§ Directions for this task
Copy task, pictures excluded: set down exactly the lines from the one containing "Установка остекления на" to the end of the data below.

§ Data block
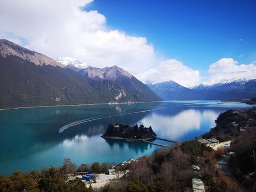 小島上有唐代的建筑“錯(cuò)宗工巴寺”,是西藏有名的紅教寧瑪派寺廟,建于唐代末年,距今已有1500多年的歷史了。錯(cuò)宗寺為土木結(jié)構(gòu),上下兩層,殿內(nèi)主供蓮花生、千手觀音和金童玉女。寺南有一株桃和松的連理樹(shù),春天時(shí),桃花與青松相映,煞是好看。
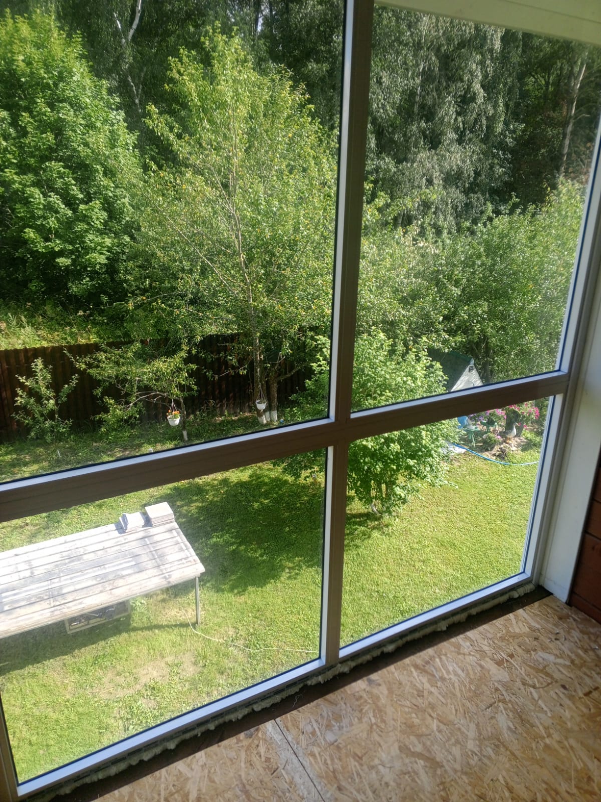 Установка остекления на балконе дачного дома из алюминиевого профиля с раздвижными створками.
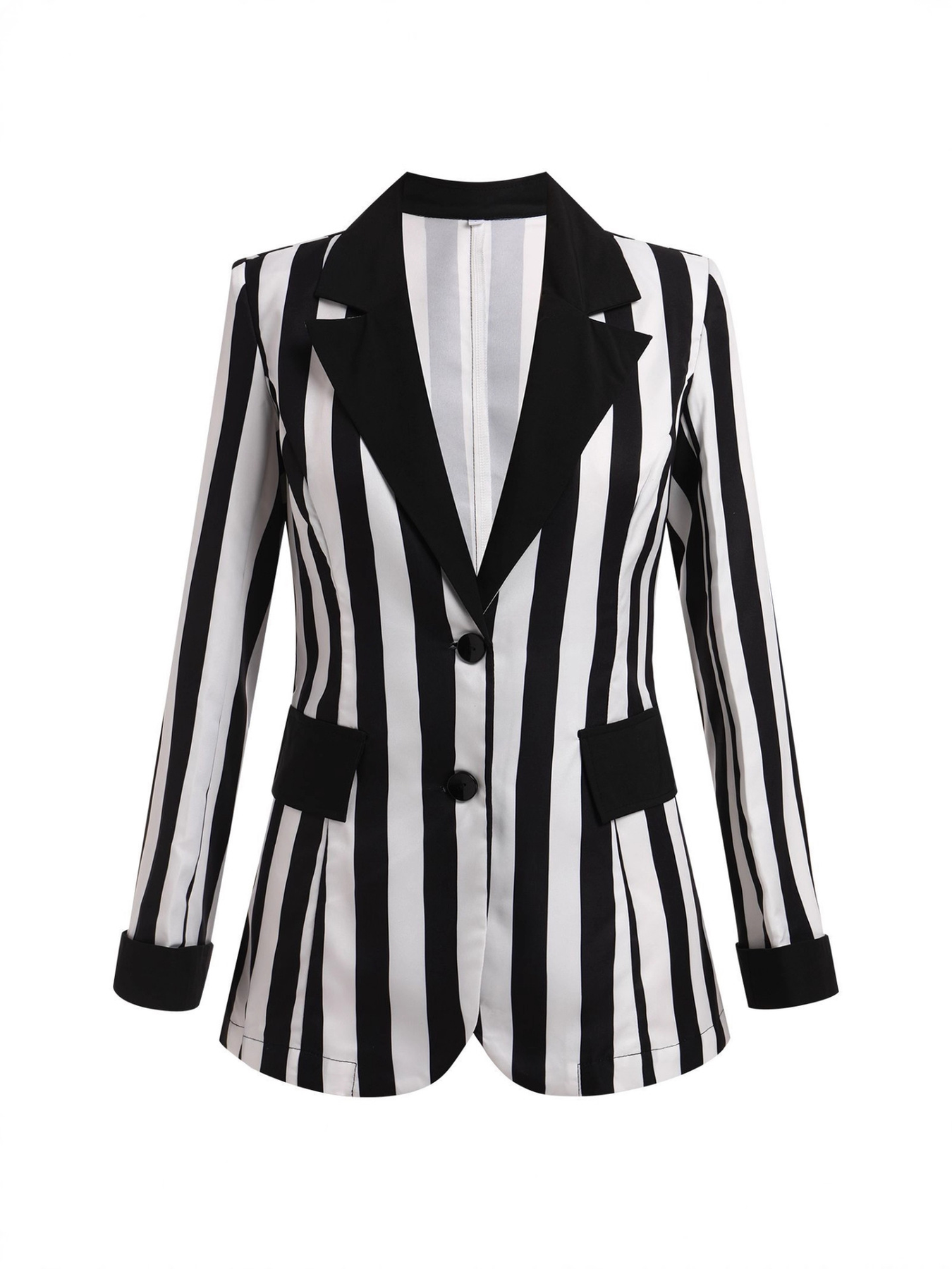 - Design: Zwart-wit gestreept patroon met contrasterende revers en praktische zakken

§ Response to the exercise
 Установка остекления на балконе дачного дома из алюминиевого профиля с раздвижными створками.
 - Design: Zwart-wit gestreept patroon met contrasterende revers en praktische zakken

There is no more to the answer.